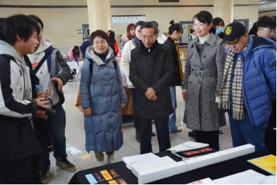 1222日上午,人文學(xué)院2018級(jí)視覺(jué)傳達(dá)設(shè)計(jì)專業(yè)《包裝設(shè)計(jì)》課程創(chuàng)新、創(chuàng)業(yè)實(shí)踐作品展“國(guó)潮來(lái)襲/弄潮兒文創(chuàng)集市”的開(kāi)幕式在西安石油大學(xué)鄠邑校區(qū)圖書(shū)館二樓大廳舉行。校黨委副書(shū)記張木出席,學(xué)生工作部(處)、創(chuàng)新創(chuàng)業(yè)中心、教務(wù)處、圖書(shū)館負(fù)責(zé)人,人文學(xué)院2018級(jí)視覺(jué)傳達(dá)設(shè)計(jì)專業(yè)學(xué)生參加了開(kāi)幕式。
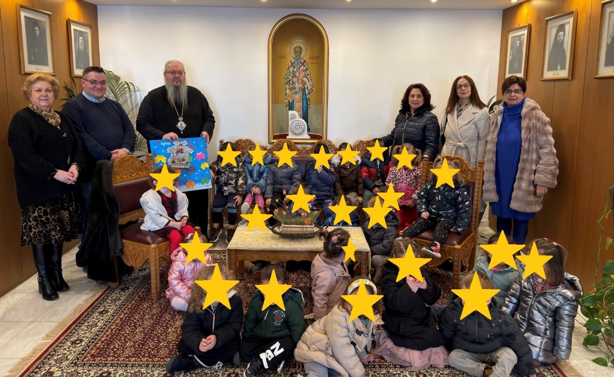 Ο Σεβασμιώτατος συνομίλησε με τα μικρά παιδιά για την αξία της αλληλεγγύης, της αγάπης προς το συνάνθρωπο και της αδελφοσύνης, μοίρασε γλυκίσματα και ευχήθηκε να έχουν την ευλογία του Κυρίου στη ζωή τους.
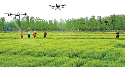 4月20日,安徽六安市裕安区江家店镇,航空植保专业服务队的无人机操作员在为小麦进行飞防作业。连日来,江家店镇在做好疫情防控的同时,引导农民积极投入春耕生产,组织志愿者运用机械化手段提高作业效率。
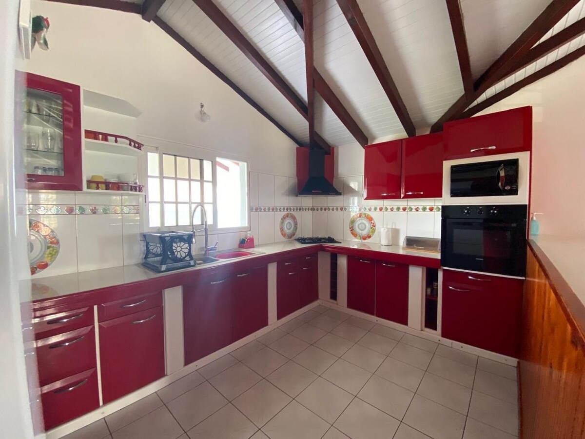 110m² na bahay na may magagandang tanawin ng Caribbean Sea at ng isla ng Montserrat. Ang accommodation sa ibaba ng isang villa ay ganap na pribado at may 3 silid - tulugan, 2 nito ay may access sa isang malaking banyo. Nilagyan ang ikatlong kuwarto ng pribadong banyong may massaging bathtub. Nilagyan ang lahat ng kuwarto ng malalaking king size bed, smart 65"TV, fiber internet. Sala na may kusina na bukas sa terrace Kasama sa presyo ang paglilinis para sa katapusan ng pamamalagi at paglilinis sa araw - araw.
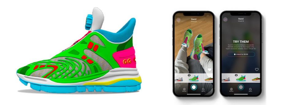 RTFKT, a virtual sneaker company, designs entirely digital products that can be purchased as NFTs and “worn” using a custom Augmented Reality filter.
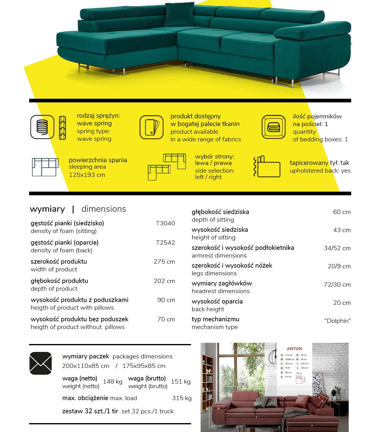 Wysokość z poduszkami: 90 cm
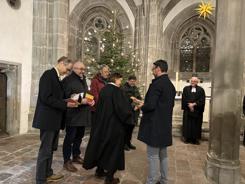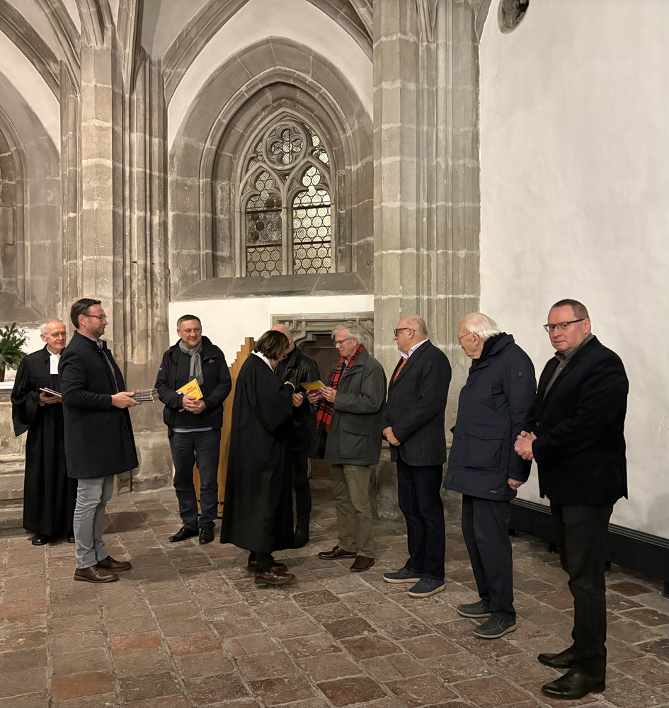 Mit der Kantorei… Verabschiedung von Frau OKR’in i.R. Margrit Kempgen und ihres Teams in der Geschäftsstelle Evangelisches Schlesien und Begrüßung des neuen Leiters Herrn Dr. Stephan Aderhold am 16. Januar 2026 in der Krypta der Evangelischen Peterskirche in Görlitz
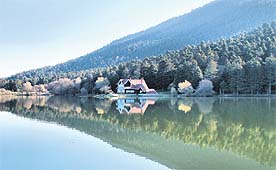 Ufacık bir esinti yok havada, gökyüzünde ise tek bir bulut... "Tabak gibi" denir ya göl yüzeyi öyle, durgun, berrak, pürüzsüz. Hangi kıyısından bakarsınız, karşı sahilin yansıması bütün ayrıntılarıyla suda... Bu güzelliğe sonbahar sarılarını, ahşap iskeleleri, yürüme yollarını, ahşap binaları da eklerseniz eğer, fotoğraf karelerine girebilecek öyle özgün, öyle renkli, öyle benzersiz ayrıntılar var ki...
...
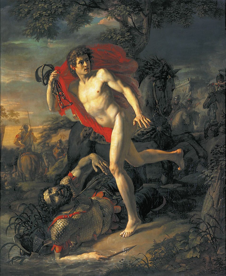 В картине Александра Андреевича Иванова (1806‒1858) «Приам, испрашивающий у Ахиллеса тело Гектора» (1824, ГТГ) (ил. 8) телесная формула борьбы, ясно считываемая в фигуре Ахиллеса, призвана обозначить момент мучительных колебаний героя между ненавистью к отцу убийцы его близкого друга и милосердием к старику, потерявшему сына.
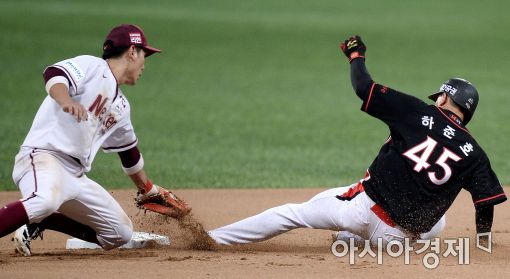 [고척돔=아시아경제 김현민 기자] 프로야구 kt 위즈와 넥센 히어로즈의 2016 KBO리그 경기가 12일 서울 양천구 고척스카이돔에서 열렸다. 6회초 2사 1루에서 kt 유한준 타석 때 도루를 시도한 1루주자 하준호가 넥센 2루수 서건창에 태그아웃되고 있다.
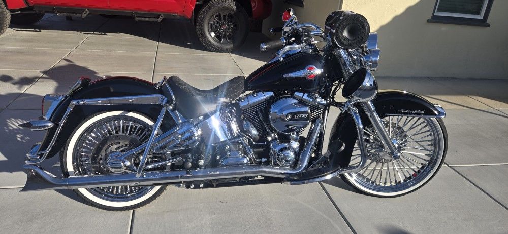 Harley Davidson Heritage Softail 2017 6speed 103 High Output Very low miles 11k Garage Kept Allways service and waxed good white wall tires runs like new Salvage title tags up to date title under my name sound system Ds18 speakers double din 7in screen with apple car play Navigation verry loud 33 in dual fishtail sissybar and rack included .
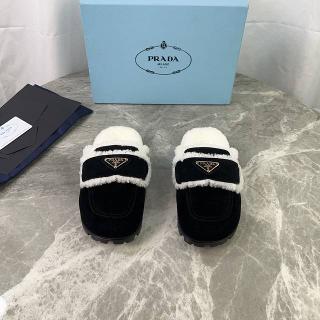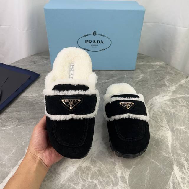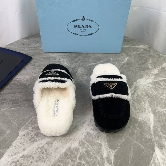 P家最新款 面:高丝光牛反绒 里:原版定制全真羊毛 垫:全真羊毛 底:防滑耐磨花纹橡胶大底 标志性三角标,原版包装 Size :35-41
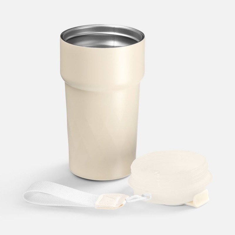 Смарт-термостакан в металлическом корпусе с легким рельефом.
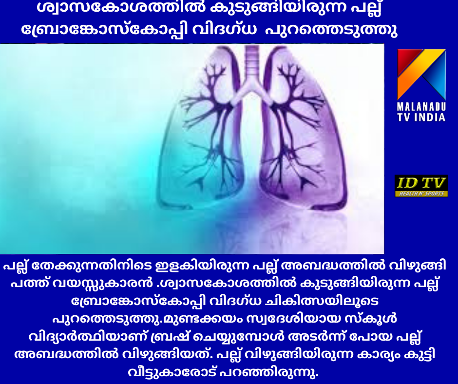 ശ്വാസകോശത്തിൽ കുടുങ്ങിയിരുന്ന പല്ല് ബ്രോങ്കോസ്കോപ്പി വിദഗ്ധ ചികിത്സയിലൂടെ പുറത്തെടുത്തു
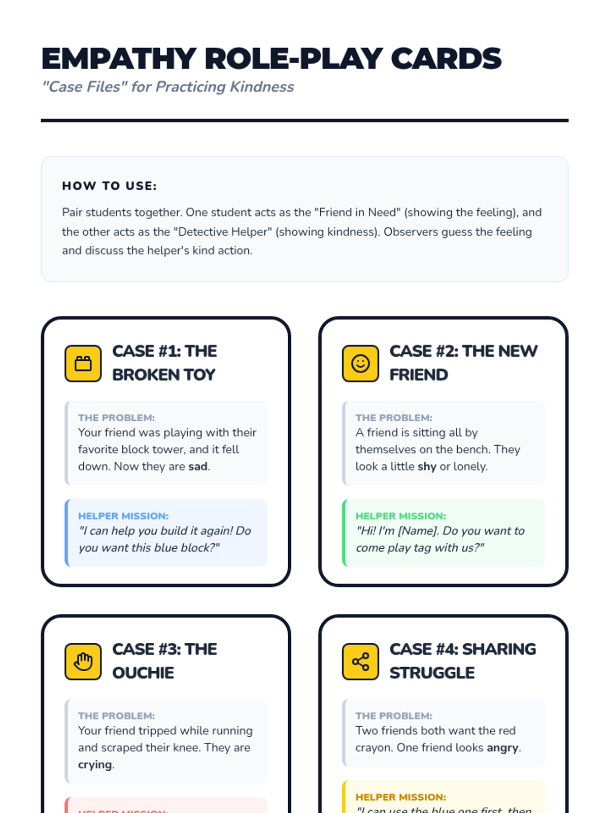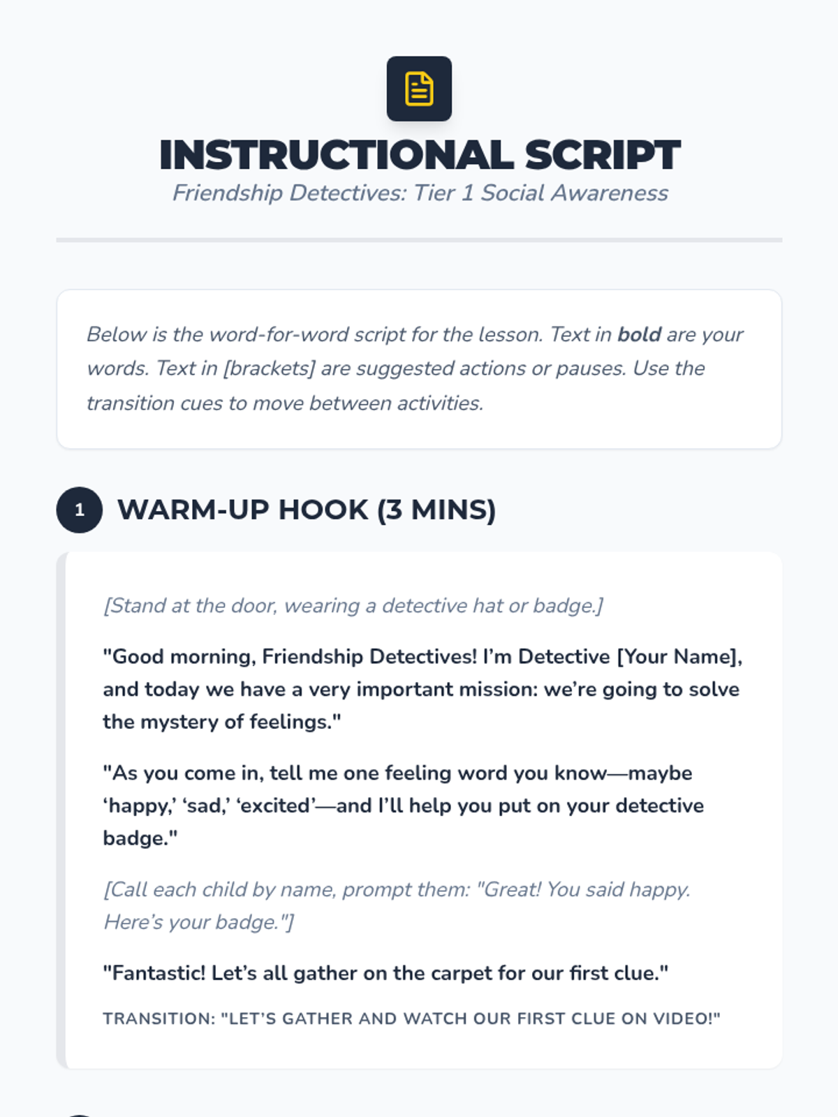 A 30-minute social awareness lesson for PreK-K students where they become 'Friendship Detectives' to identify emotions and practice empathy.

* Assignment *
Although pictures appear among the records above, write out exactly only the lines from the one that has "[고척돔=아시아경제 김현민 기자]" through the one that has "A 30-minute social", and leave the pictures out.

* Expected answer *
 [고척돔=아시아경제 김현민 기자] 프로야구 kt 위즈와 넥센 히어로즈의 2016 KBO리그 경기가 12일 서울 양천구 고척스카이돔에서 열렸다. 6회초 2사 1루에서 kt 유한준 타석 때 도루를 시도한 1루주자 하준호가 넥센 2루수 서건창에 태그아웃되고 있다.
 Harley Davidson Heritage Softail 2017 6speed 103 High Output Very low miles 11k Garage Kept Allways service and waxed good white wall tires runs like new Salvage title tags up to date title under my name sound system Ds18 speakers double din 7in screen with apple car play Navigation verry loud 33 in dual fishtail sissybar and rack included .
 P家最新款 面:高丝光牛反绒 里:原版定制全真羊毛 垫:全真羊毛 底:防滑耐磨花纹橡胶大底 标志性三角标,原版包装 Size :35-41
 Смарт-термостакан в металлическом корпусе с легким рельефом.
 ശ്വാസകോശത്തിൽ കുടുങ്ങിയിരുന്ന പല്ല് ബ്രോങ്കോസ്കോപ്പി വിദഗ്ധ ചികിത്സയിലൂടെ പുറത്തെടുത്തു
 A 30-minute social awareness lesson for PreK-K students where they become 'Friendship Detectives' to identify emotions and practice empathy.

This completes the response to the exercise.